__Your goal__. From the line holding "SINI-nysvärillä pääset puhdistamaan" through the line holding "Den urteaktige flerårige" below, write out every line exactly; include both of those lines and drop the pictures.

__Raw data__.
+===+

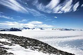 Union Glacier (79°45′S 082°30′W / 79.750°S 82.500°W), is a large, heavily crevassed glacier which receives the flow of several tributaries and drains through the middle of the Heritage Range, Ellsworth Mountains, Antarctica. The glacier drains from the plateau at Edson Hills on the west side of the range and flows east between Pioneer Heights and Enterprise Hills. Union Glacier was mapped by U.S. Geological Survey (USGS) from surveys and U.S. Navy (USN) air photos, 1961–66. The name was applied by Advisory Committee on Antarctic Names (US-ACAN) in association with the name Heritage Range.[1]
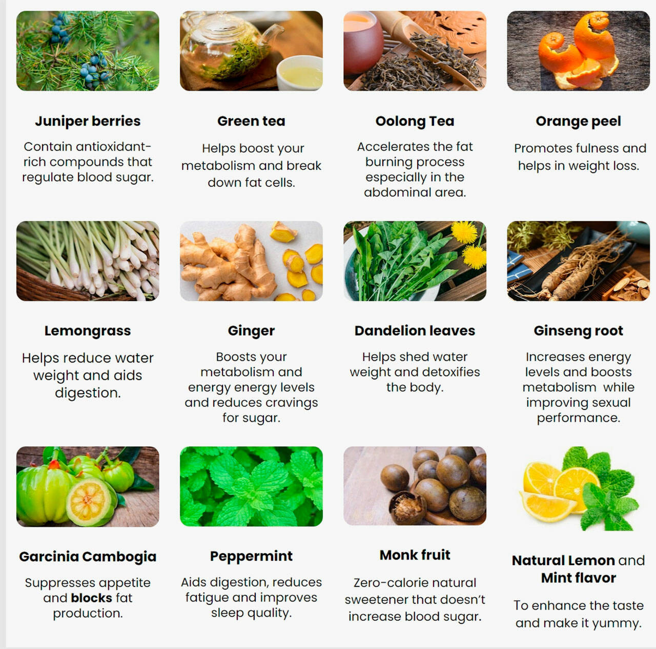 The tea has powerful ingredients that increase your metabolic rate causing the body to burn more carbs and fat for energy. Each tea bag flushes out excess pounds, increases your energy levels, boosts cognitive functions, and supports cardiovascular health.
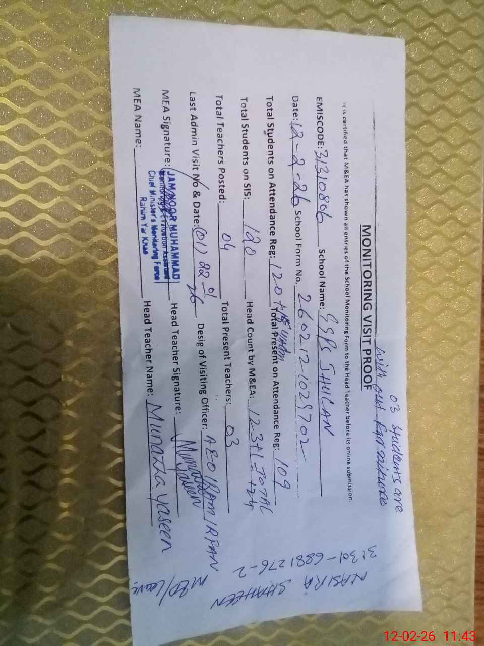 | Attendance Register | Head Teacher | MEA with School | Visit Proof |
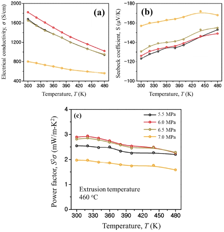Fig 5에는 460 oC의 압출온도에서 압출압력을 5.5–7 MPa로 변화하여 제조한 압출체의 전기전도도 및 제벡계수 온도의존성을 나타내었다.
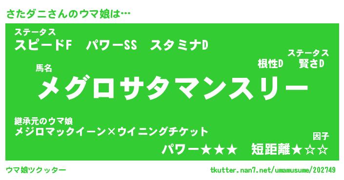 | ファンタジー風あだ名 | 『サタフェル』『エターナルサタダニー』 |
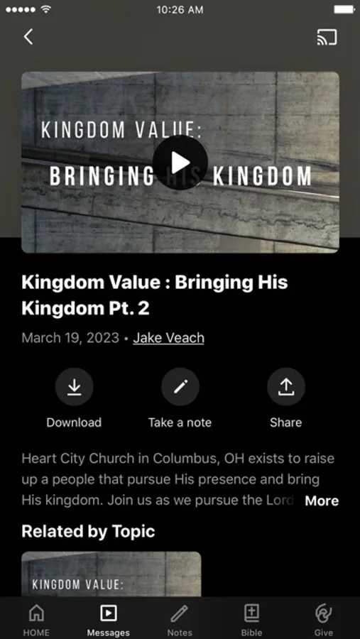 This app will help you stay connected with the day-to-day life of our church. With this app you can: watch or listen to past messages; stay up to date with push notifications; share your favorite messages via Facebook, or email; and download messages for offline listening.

+===+

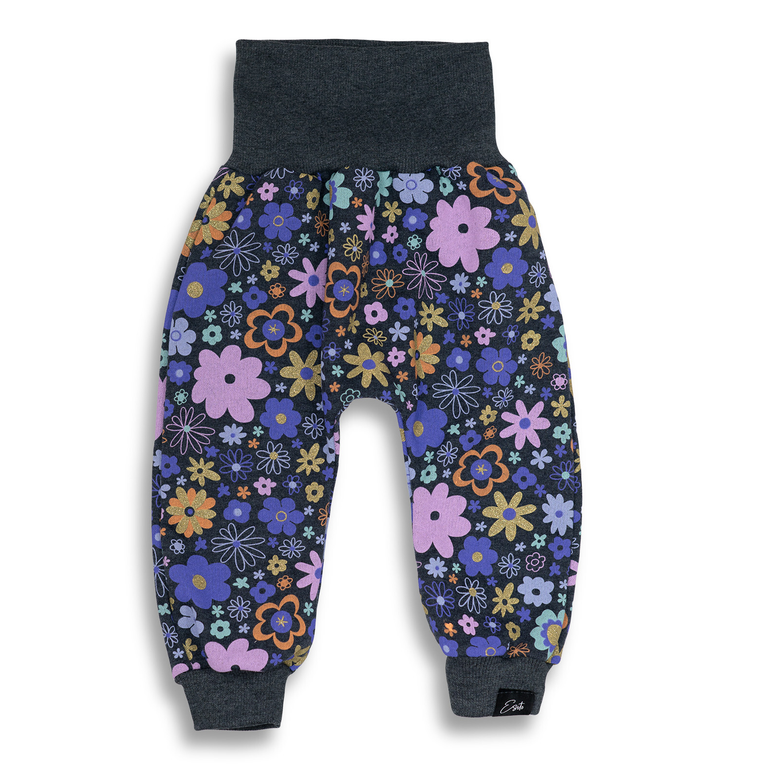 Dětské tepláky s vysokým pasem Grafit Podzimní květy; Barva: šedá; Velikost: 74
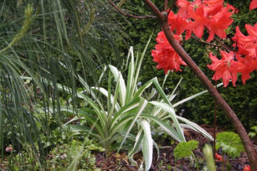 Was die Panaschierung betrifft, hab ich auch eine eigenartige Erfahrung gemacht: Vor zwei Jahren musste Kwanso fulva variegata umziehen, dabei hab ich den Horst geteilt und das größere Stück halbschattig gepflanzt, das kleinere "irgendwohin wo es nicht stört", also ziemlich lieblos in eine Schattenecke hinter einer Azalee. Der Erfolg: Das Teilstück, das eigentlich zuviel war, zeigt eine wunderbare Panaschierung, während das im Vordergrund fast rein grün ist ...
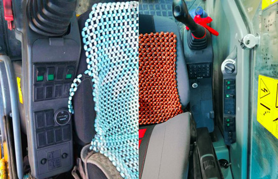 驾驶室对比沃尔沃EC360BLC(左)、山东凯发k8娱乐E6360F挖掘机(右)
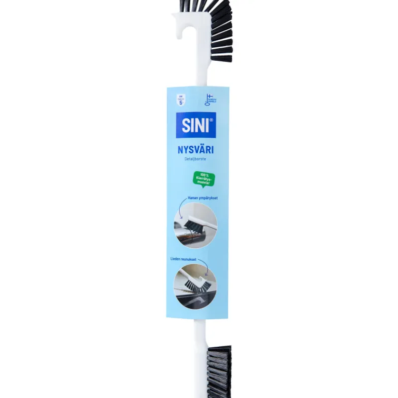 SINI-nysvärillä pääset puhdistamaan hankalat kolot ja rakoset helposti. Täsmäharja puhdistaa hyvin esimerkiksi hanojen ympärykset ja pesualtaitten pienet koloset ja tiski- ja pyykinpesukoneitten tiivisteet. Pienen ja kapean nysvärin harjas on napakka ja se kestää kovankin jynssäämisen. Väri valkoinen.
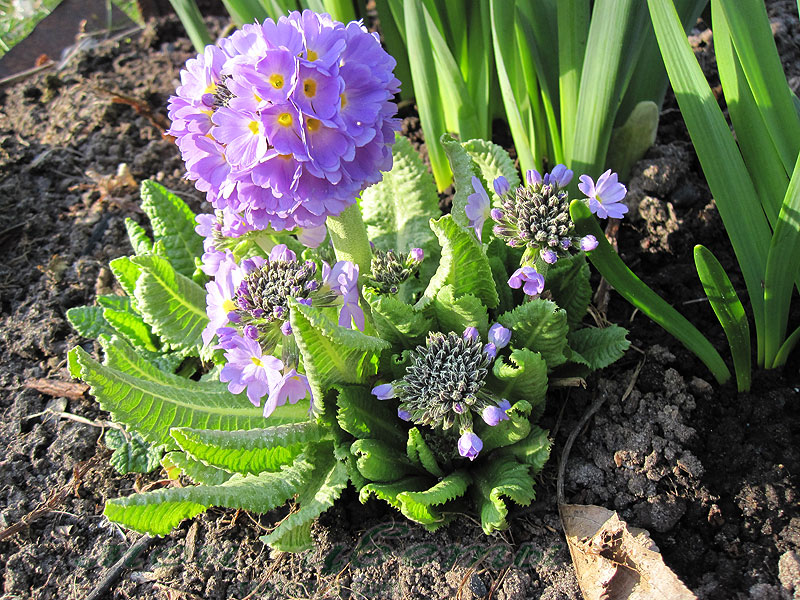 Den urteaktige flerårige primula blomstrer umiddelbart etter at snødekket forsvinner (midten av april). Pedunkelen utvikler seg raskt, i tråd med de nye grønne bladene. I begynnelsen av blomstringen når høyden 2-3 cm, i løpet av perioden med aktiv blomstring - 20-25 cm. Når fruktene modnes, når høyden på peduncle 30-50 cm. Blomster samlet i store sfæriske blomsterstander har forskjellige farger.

+===+

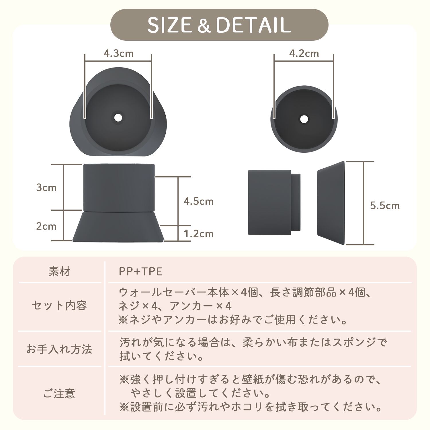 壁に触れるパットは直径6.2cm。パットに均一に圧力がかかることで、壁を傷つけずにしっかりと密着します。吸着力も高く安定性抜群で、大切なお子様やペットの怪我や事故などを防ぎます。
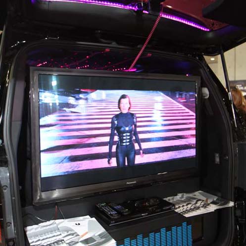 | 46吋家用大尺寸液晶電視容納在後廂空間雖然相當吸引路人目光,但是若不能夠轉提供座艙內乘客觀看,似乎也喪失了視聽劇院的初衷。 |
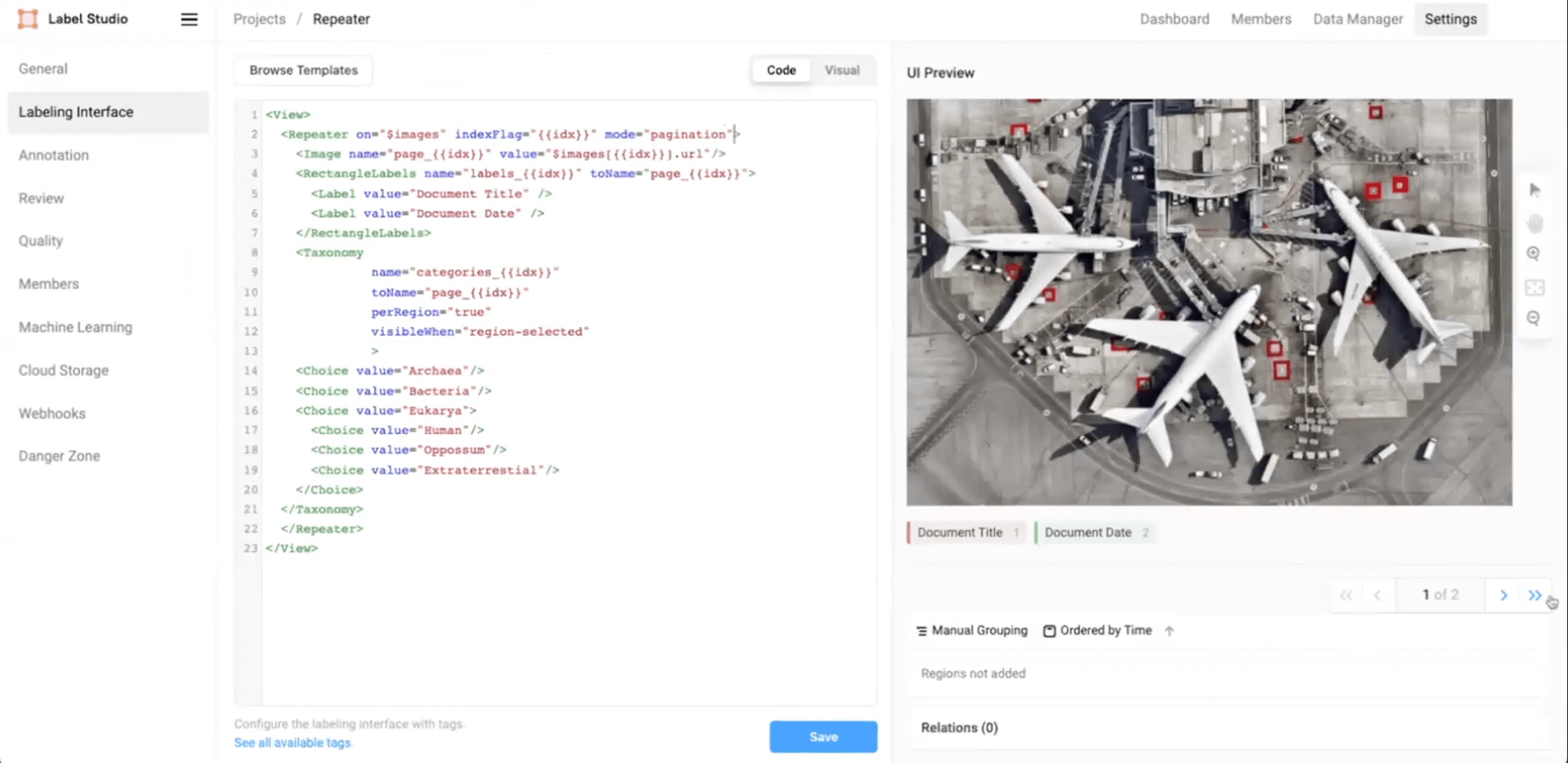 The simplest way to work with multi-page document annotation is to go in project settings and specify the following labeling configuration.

+===+

__Expected answer__.
 SINI-nysvärillä pääset puhdistamaan hankalat kolot ja rakoset helposti. Täsmäharja puhdistaa hyvin esimerkiksi hanojen ympärykset ja pesualtaitten pienet koloset ja tiski- ja pyykinpesukoneitten tiivisteet. Pienen ja kapean nysvärin harjas on napakka ja se kestää kovankin jynssäämisen. Väri valkoinen.
 Den urteaktige flerårige primula blomstrer umiddelbart etter at snødekket forsvinner (midten av april). Pedunkelen utvikler seg raskt, i tråd med de nye grønne bladene. I begynnelsen av blomstringen når høyden 2-3 cm, i løpet av perioden med aktiv blomstring - 20-25 cm. Når fruktene modnes, når høyden på peduncle 30-50 cm. Blomster samlet i store sfæriske blomsterstander har forskjellige farger.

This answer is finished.